• _DESCRIPTION OF THE TASK_
Take nothing but the lines from the one with "Deliciosa porción de" through the one with "보배펌) 대한민국 도로에 욱일기 차량 봤습니다" in the entries below, both ends kept, and return them exactly with pictures left out.

• _INPUT FOR THIS TASK_
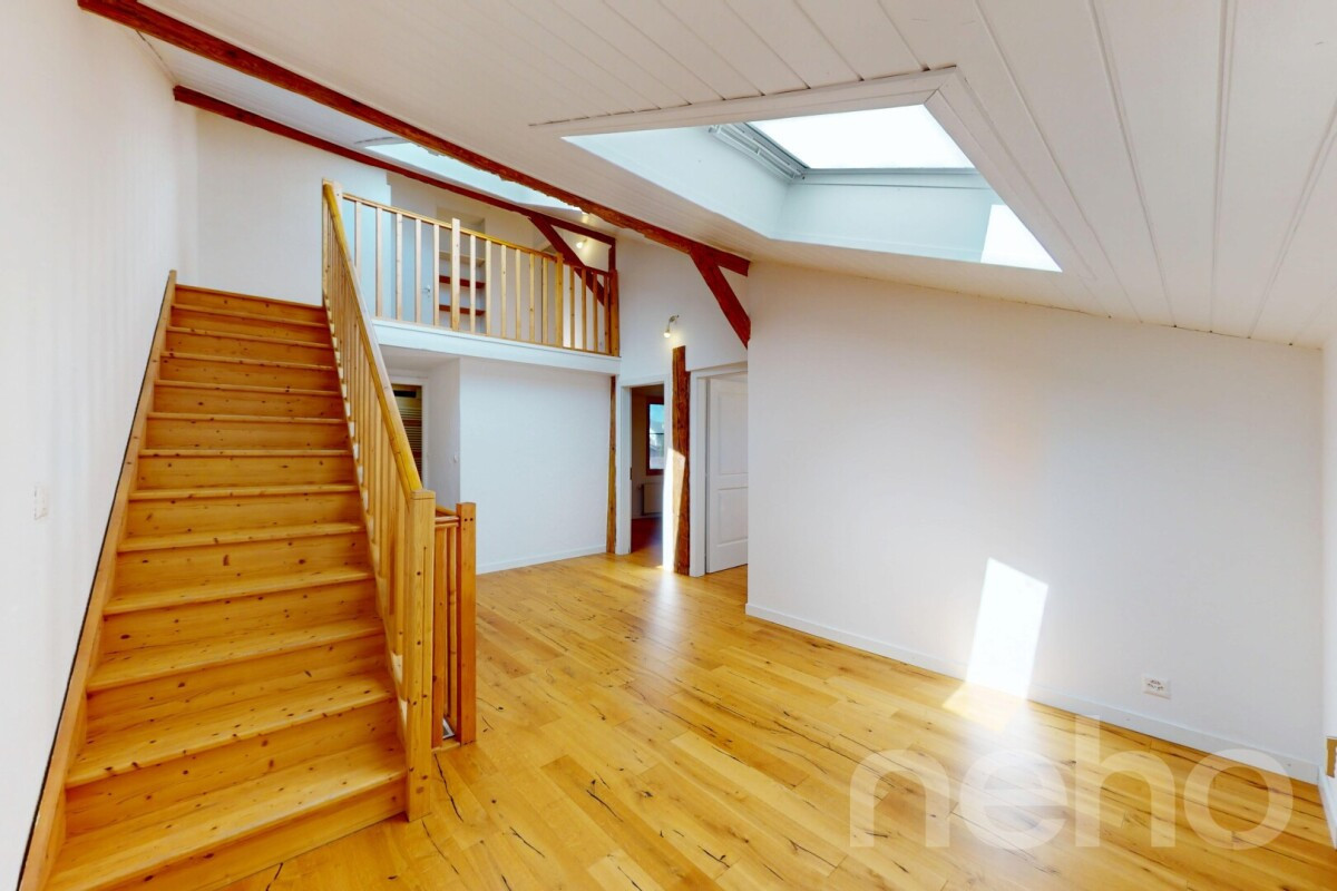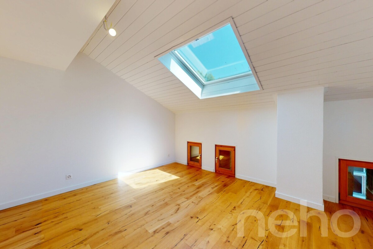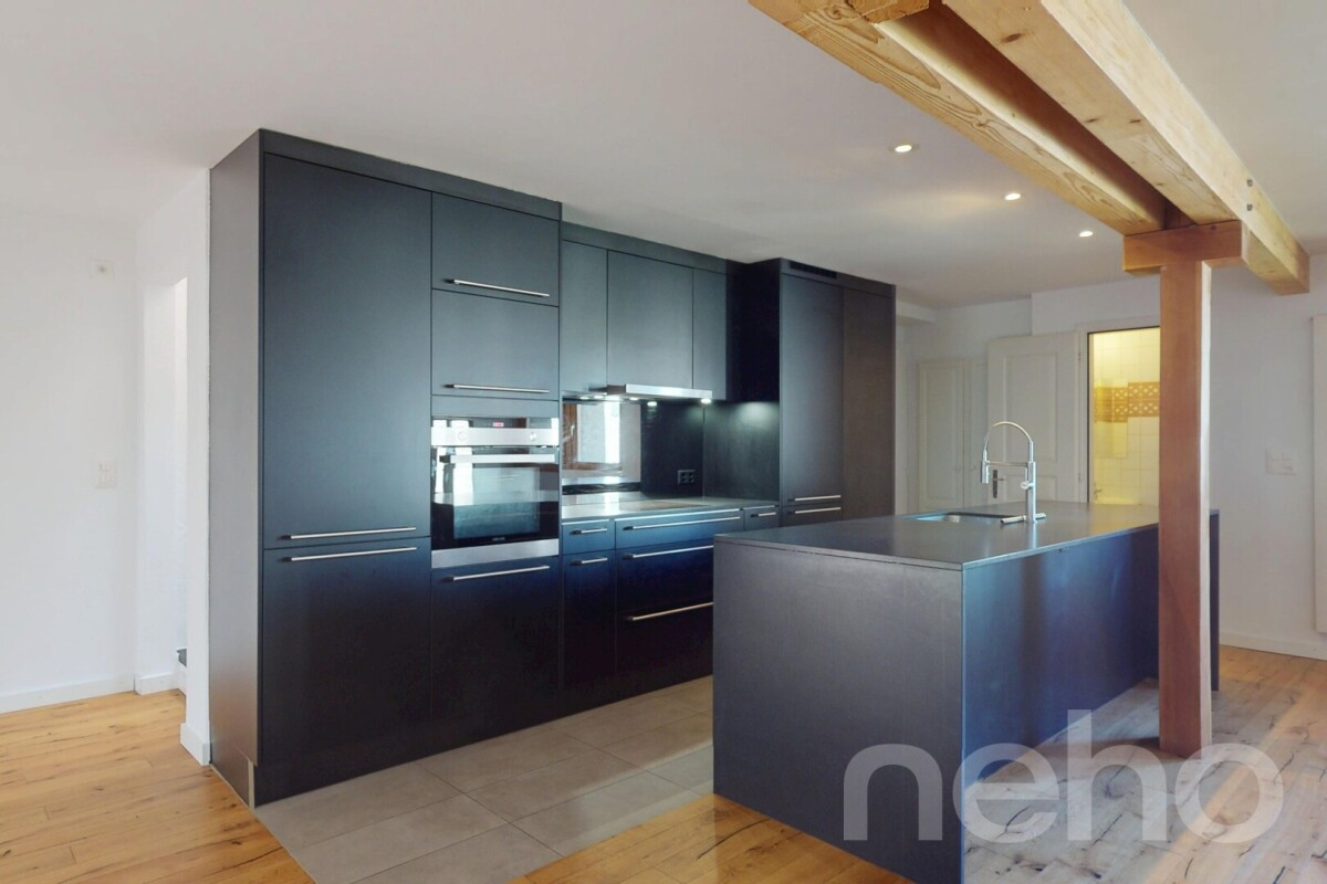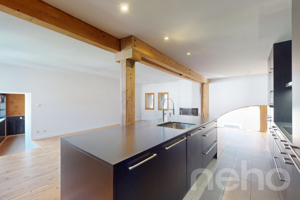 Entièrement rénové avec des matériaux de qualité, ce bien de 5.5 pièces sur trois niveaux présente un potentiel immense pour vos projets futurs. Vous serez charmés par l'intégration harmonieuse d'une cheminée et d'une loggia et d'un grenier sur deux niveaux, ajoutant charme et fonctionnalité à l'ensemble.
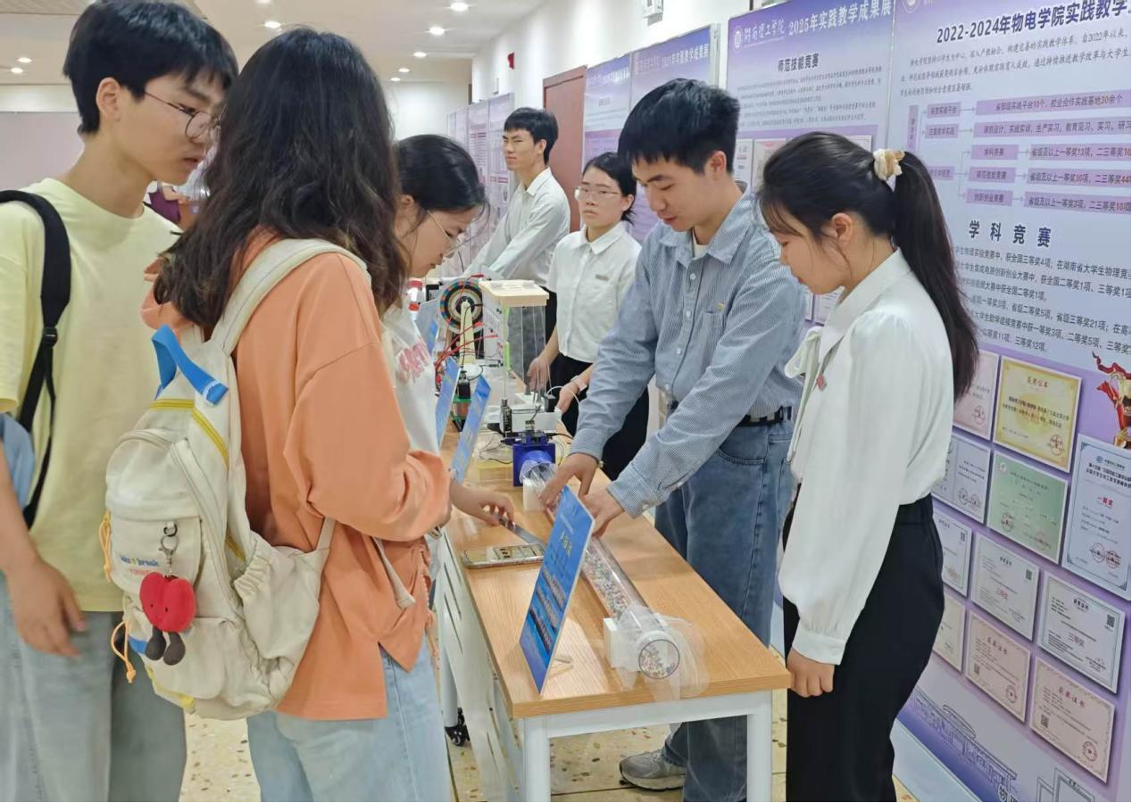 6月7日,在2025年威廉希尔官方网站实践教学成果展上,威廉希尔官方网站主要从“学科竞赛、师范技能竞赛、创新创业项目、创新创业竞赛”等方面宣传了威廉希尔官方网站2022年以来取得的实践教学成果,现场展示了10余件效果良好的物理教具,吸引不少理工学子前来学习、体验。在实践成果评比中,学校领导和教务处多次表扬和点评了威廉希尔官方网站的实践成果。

==

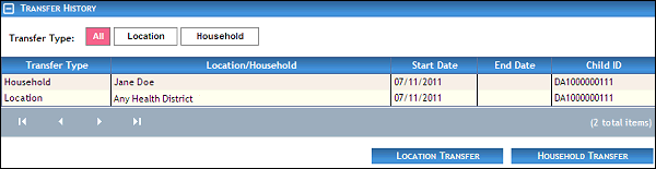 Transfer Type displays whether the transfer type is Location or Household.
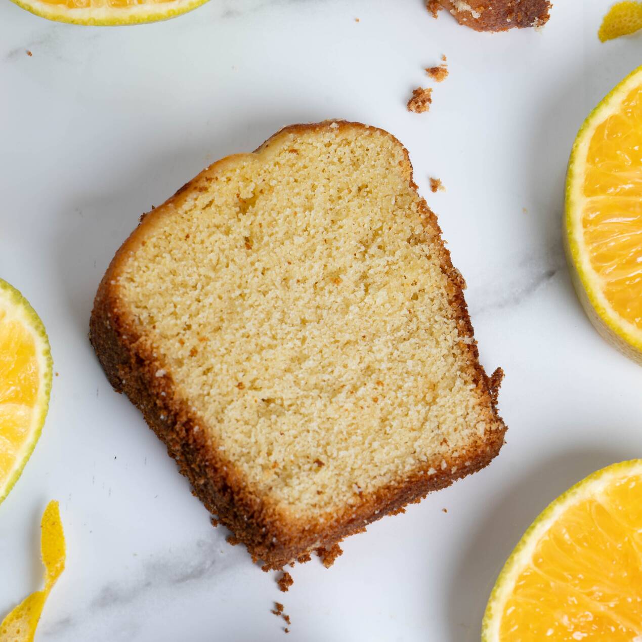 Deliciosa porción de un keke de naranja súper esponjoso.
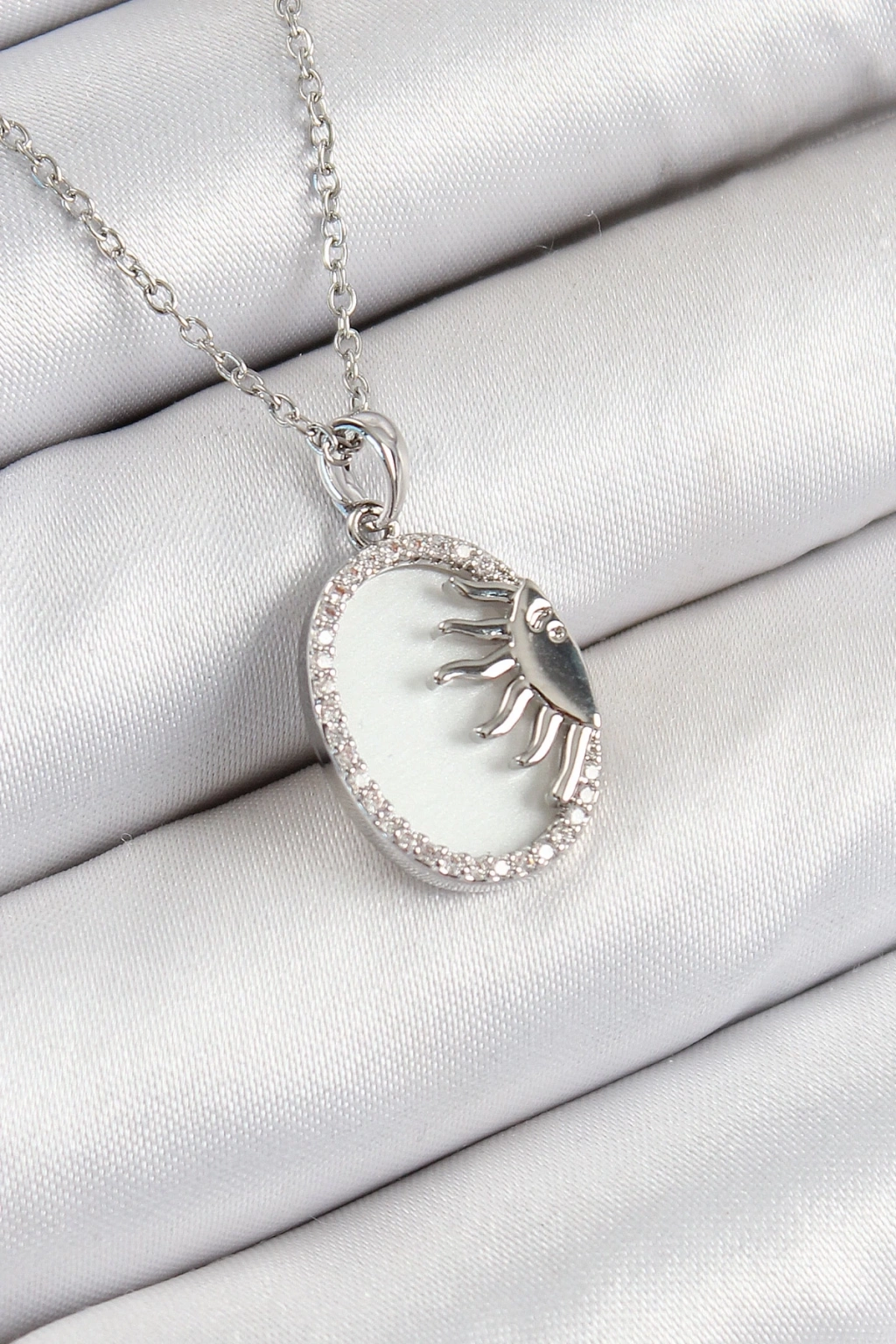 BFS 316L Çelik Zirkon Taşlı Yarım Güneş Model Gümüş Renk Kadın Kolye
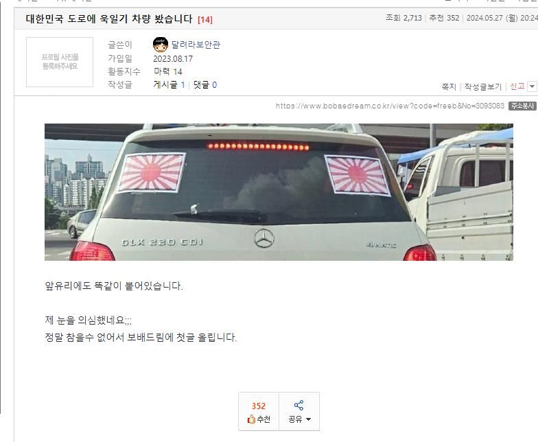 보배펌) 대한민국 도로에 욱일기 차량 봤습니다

• _SOLUTION TO THIS EXERCISE_
 Deliciosa porción de un keke de naranja súper esponjoso.
 BFS 316L Çelik Zirkon Taşlı Yarım Güneş Model Gümüş Renk Kadın Kolye
 보배펌) 대한민국 도로에 욱일기 차량 봤습니다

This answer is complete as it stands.